What Catherine is and what it isn’t

, | Games

That picture up there isn’t just a screenshot from Catherine, an upcoming Japanese import to be published by Atlus. It’s also my reaction upon seeing what kind of game Catherine is. I’d been hearing snippets of conversations about the game, and I’d seen a trippy video, and I knew it was from the creators of the Persona and Shin Megami Tensei games, and somewhere along the way I had picked up that it was a mature psycho-sexual thriller. Wait, maybe I’m confusing it with Black Swan. But I had no idea what Catherine actually was. Today I found out it’s just a puzzle game!

After the jump, have I been misled?

Watching a demo of the puzzles hurt my head.

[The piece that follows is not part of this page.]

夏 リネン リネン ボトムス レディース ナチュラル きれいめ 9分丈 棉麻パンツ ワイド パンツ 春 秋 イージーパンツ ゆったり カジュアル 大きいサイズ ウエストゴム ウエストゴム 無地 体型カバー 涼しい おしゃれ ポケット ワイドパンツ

You scramble the lead character around on a pyramid of moving blocks, tugging the blocks to-and-fro to reach the top of each level. Meanwhile, the pyramid gradually crumbles underneath you. In other words, timed. It’s a bit like a sliding tile puzzle build around discrete moves, but in 3D. And with power-ups and a scoring system and a rewind feature and, eventually, other characters shoving you around. The term “action platformer” was used during the demo, which I can sort of see. That’s especially apparent during the local competitive game when both players are scrambling against each other’s progress. But I can’t help but think “just a puzzle game?”. A slightly cerebral Mario kind of thing? Who wants to play that? I get bored enough of perfectly decent shooters, RPGs, and platformers. Why do I want a full-length adventure game in which the gameplay is something I’d expect to fritter away time on an iPhone?

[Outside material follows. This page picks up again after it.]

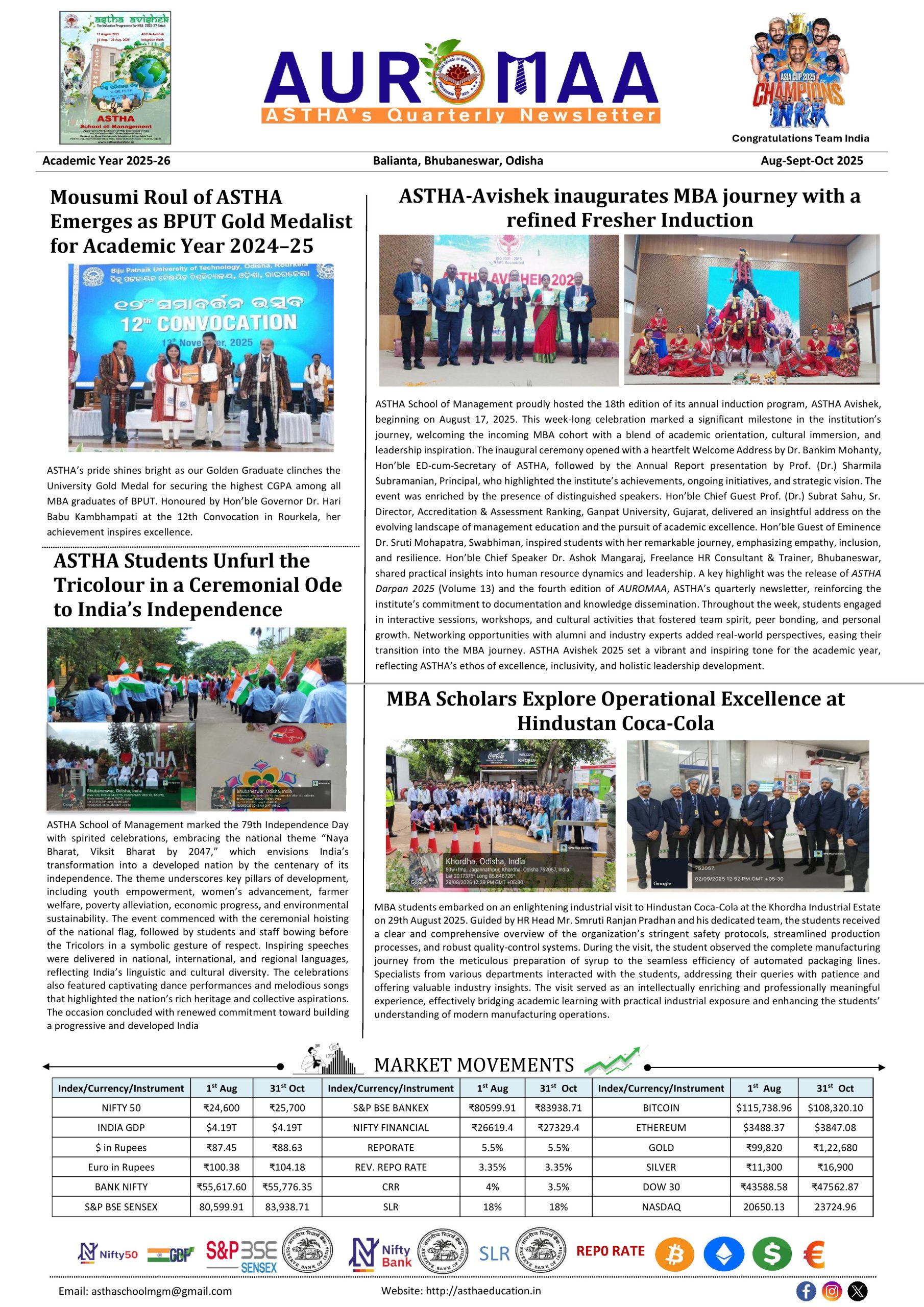 At ASTHA School of Management, we believe that true education transcends the boundaries of textbooks and classrooms; it is about nurturing hearts and minds. Just as the aroma can intoxicate and captivate senses. The essence of our management education spreads the fragrance of love, unity, and humanity. It is the aroma that defines who we are and how we shape future leaders. Aroma, the fragrance of our institution, symbolizes the values we uphold: selfless service, societal growth, and a relentless pursuit of excellence. Our primary purpose is not just to impart knowledge but to ignite the flame of compassion and creativity in the hearts of our students, empowering them to become catalysts for change. Through quality management education, we are fostering a culture where leadership is not about authority but about serving others with integrity, wisdom, and empathy. Every activity, every lesson at ASTHA, is designed with a purpose to shape the minds of young leaders who will drive innovation, inclusivity, and progress for the well-being of society and the nation. The journey we embark on together is one of transformation from students to leaders, from individuals to global citizens. As we launch the first edition of AUROMAA, our quarterly newsletter, we invite you to witness the vibrant journey of ASTHA. It is a journey filled with purpose, passion, and promise. Together, we will continue to inspire, educate, and empower, making the world a better place, one step at a time. Let the fragrance of ASTHA’s vision and values inspire you, as we embrace a future filled with hope and endless possibilities.

After every puzzle level, you sit in a confessional and answer a question that seems like it was taken from Cosmopolitan. The two examples we saw were “Is marriage the end of your life or the beginning of your life?” and the distinctly Japanese question, “Would you sacrifice your well-being for your job?” Over the course of the game, your answers move you on a law/chaos scale, which is also affected by how your character replies to text messages on his cellphone and optional conversations with the other denizens of this twenty-something slacker dating adventure. Kind of like Mass Effect, but without the aliens, moon buggy, or planetary scanning.

The law/chaos scale determines the course of events as the story unfolds its way towards one of several endings. There’s definitely something strange going on with our lead character, who has to decide whether to abandon his relationship for a hot new chick. Meanwhile, there’s something about murders in the city. The puzzle levels are the character’s nightmares, and boss fights (which are still the puzzle gameplay) are based on his anxieties. It looks like the entire game is wrapped up in some sort of cleverly presented story within a TV show meta-narrative.

Some games can’t really be reduced to their gameplay. I’m hoping this is the case with Catherine, as it was with Killer 7, LA Noire, The Path, Enslaved, and other games I’ve liked in spite of being awful actual games. While I hope Catherine is indeed a grown-up story about sexuality, I’m a bit skeptical given how coy it is about nudity, what a goofball the lead character is, and how pre-occupied the game is with establishing a dreamworld in which you clamber your way up a block puzzle. Strange and maybe charming? Sure, I can see that. Grown-up? About sexuality? More than another manga about big-eyed, big-breasted women? I’ll believe when I see it.